ASSIGNMENT:
An unchanged copy of each entry below is needed; keep the pictures out of it.

(Data entries)
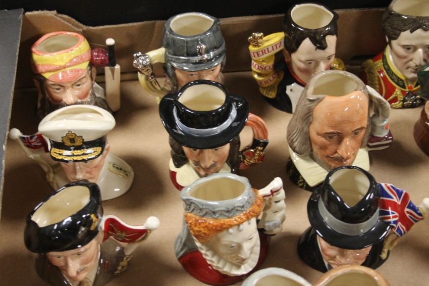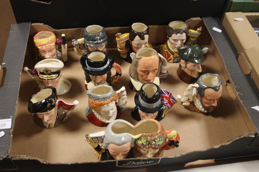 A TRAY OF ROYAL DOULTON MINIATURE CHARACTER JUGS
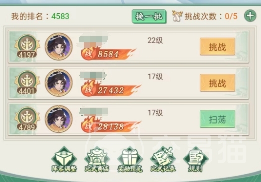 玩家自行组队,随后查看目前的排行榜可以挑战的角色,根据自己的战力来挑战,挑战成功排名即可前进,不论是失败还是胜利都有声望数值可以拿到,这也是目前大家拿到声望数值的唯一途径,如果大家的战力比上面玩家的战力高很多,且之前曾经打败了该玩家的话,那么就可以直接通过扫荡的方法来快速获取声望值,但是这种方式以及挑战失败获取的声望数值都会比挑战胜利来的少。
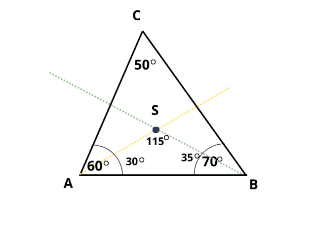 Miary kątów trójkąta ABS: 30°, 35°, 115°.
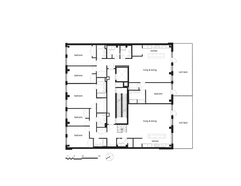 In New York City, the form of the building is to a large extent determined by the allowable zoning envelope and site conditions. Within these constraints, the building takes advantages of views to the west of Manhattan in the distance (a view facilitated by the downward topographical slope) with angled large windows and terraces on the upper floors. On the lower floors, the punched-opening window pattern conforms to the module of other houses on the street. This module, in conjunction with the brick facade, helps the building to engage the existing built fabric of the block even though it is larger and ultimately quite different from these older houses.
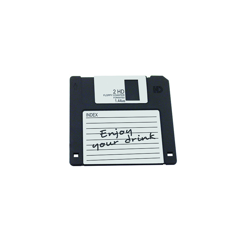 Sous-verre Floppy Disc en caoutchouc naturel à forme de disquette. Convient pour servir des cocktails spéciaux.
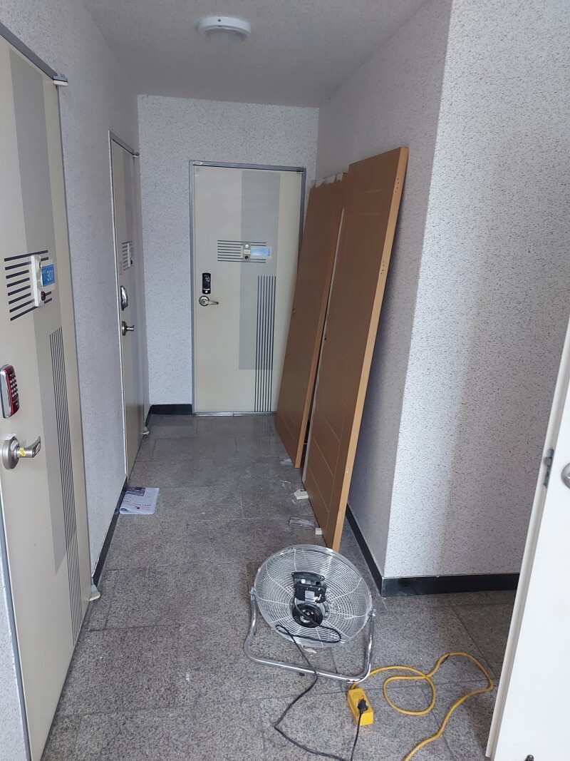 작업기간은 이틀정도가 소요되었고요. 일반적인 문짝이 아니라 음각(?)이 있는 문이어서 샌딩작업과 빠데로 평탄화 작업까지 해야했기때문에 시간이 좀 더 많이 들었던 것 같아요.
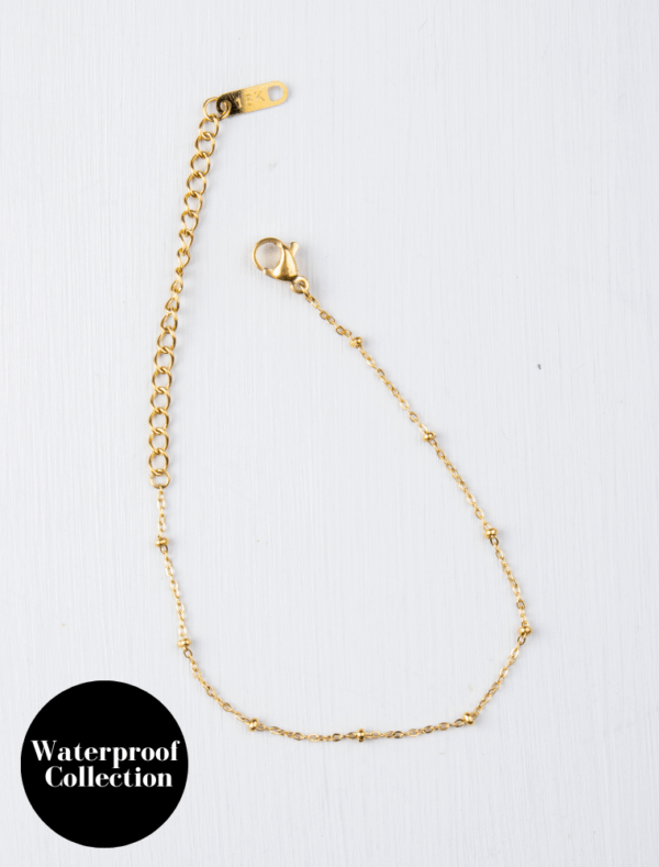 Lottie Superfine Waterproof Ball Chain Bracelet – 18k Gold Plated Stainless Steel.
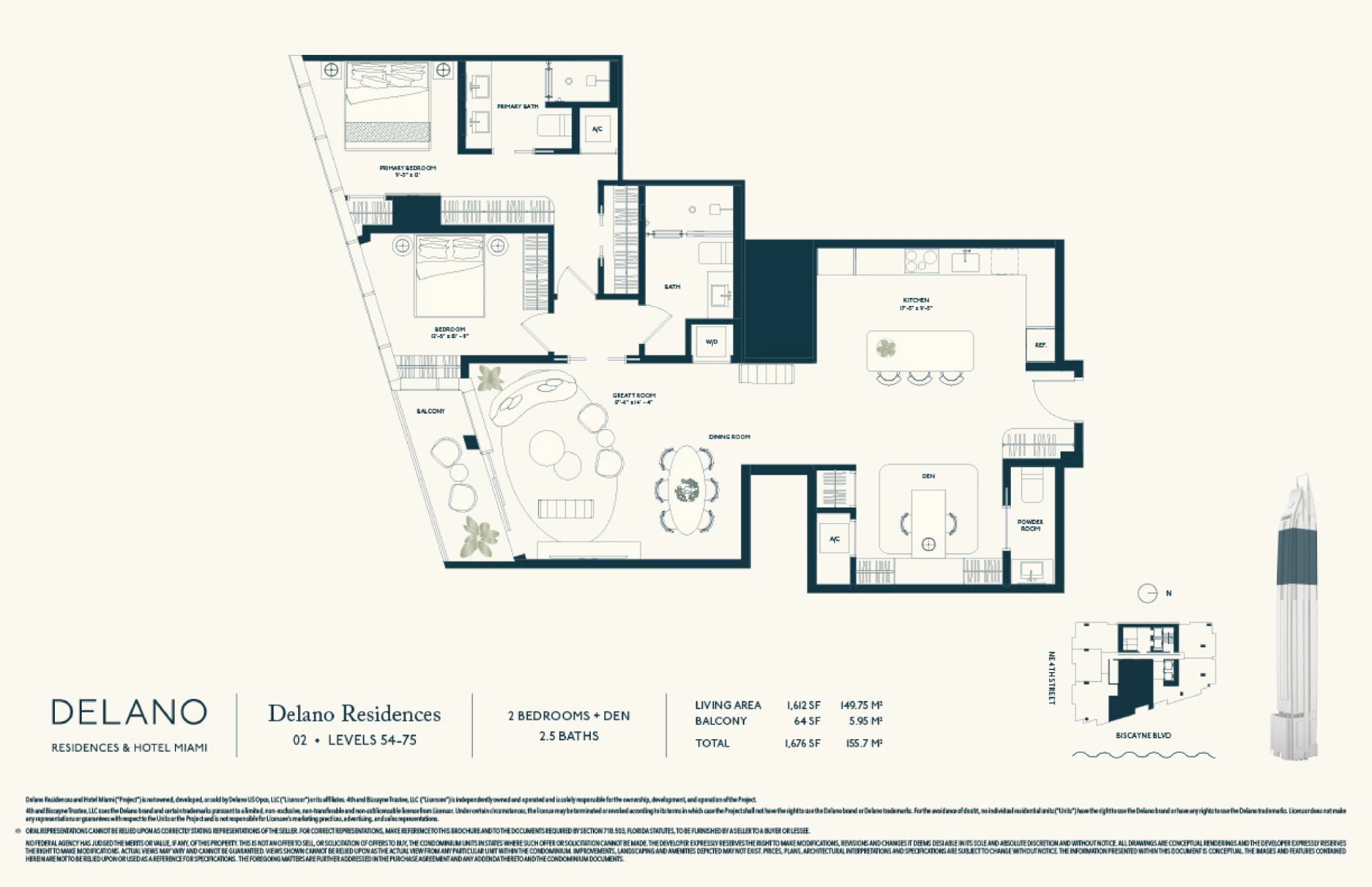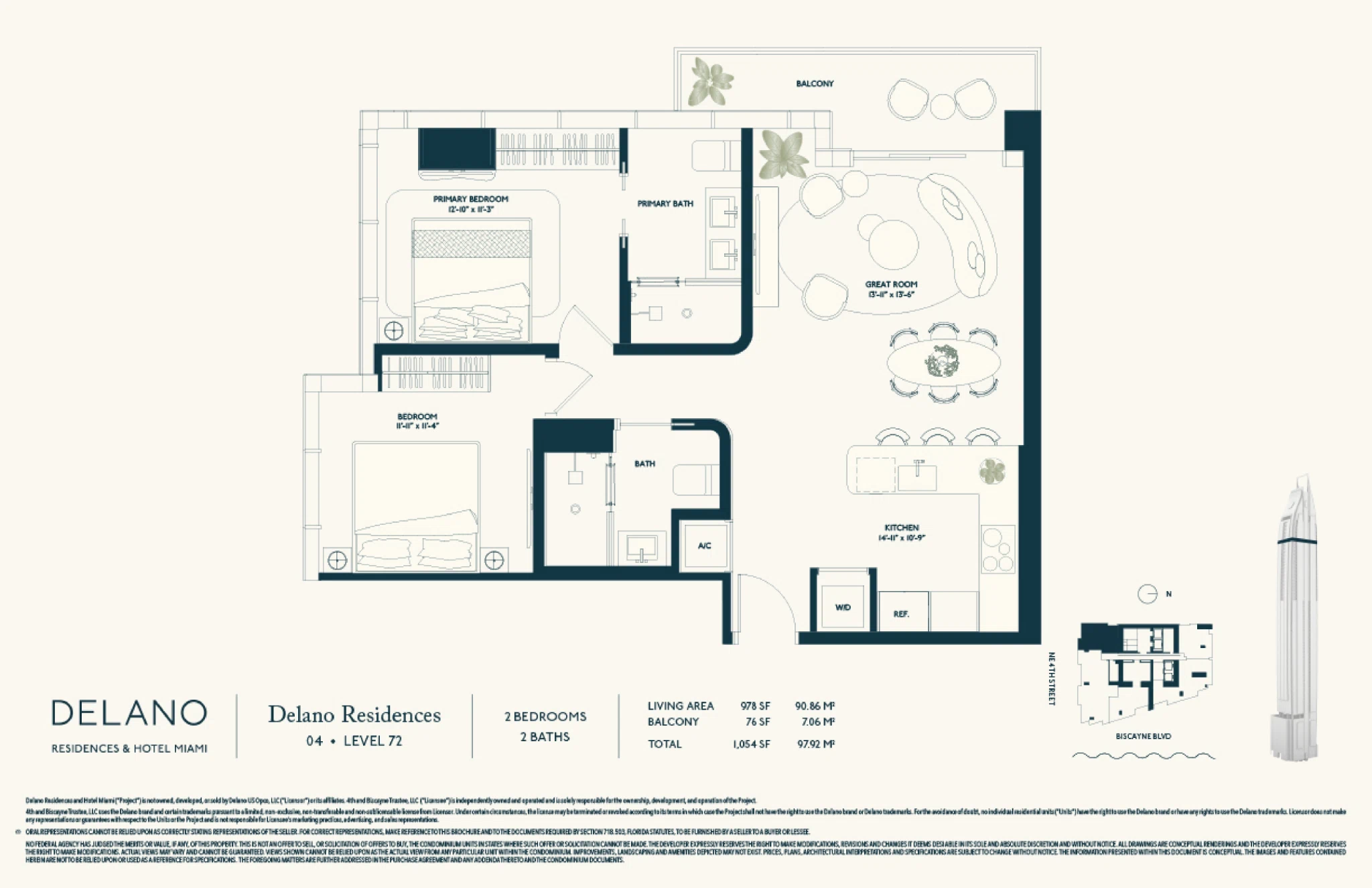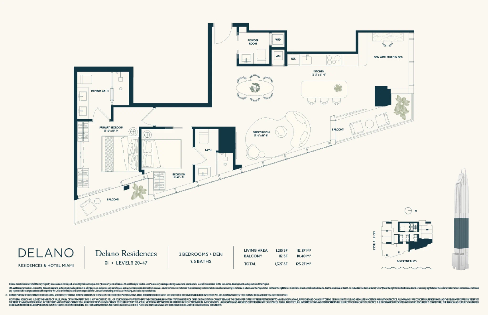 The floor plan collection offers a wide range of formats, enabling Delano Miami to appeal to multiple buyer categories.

OUTPUT:
 A TRAY OF ROYAL DOULTON MINIATURE CHARACTER JUGS
 玩家自行组队,随后查看目前的排行榜可以挑战的角色,根据自己的战力来挑战,挑战成功排名即可前进,不论是失败还是胜利都有声望数值可以拿到,这也是目前大家拿到声望数值的唯一途径,如果大家的战力比上面玩家的战力高很多,且之前曾经打败了该玩家的话,那么就可以直接通过扫荡的方法来快速获取声望值,但是这种方式以及挑战失败获取的声望数值都会比挑战胜利来的少。
 Miary kątów trójkąta ABS: 30°, 35°, 115°.
 In New York City, the form of the building is to a large extent determined by the allowable zoning envelope and site conditions. Within these constraints, the building takes advantages of views to the west of Manhattan in the distance (a view facilitated by the downward topographical slope) with angled large windows and terraces on the upper floors. On the lower floors, the punched-opening window pattern conforms to the module of other houses on the street. This module, in conjunction with the brick facade, helps the building to engage the existing built fabric of the block even though it is larger and ultimately quite different from these older houses.
 Sous-verre Floppy Disc en caoutchouc naturel à forme de disquette. Convient pour servir des cocktails spéciaux.
 작업기간은 이틀정도가 소요되었고요. 일반적인 문짝이 아니라 음각(?)이 있는 문이어서 샌딩작업과 빠데로 평탄화 작업까지 해야했기때문에 시간이 좀 더 많이 들었던 것 같아요.
 Lottie Superfine Waterproof Ball Chain Bracelet – 18k Gold Plated Stainless Steel.
 The floor plan collection offers a wide range of formats, enabling Delano Miami to appeal to multiple buyer categories.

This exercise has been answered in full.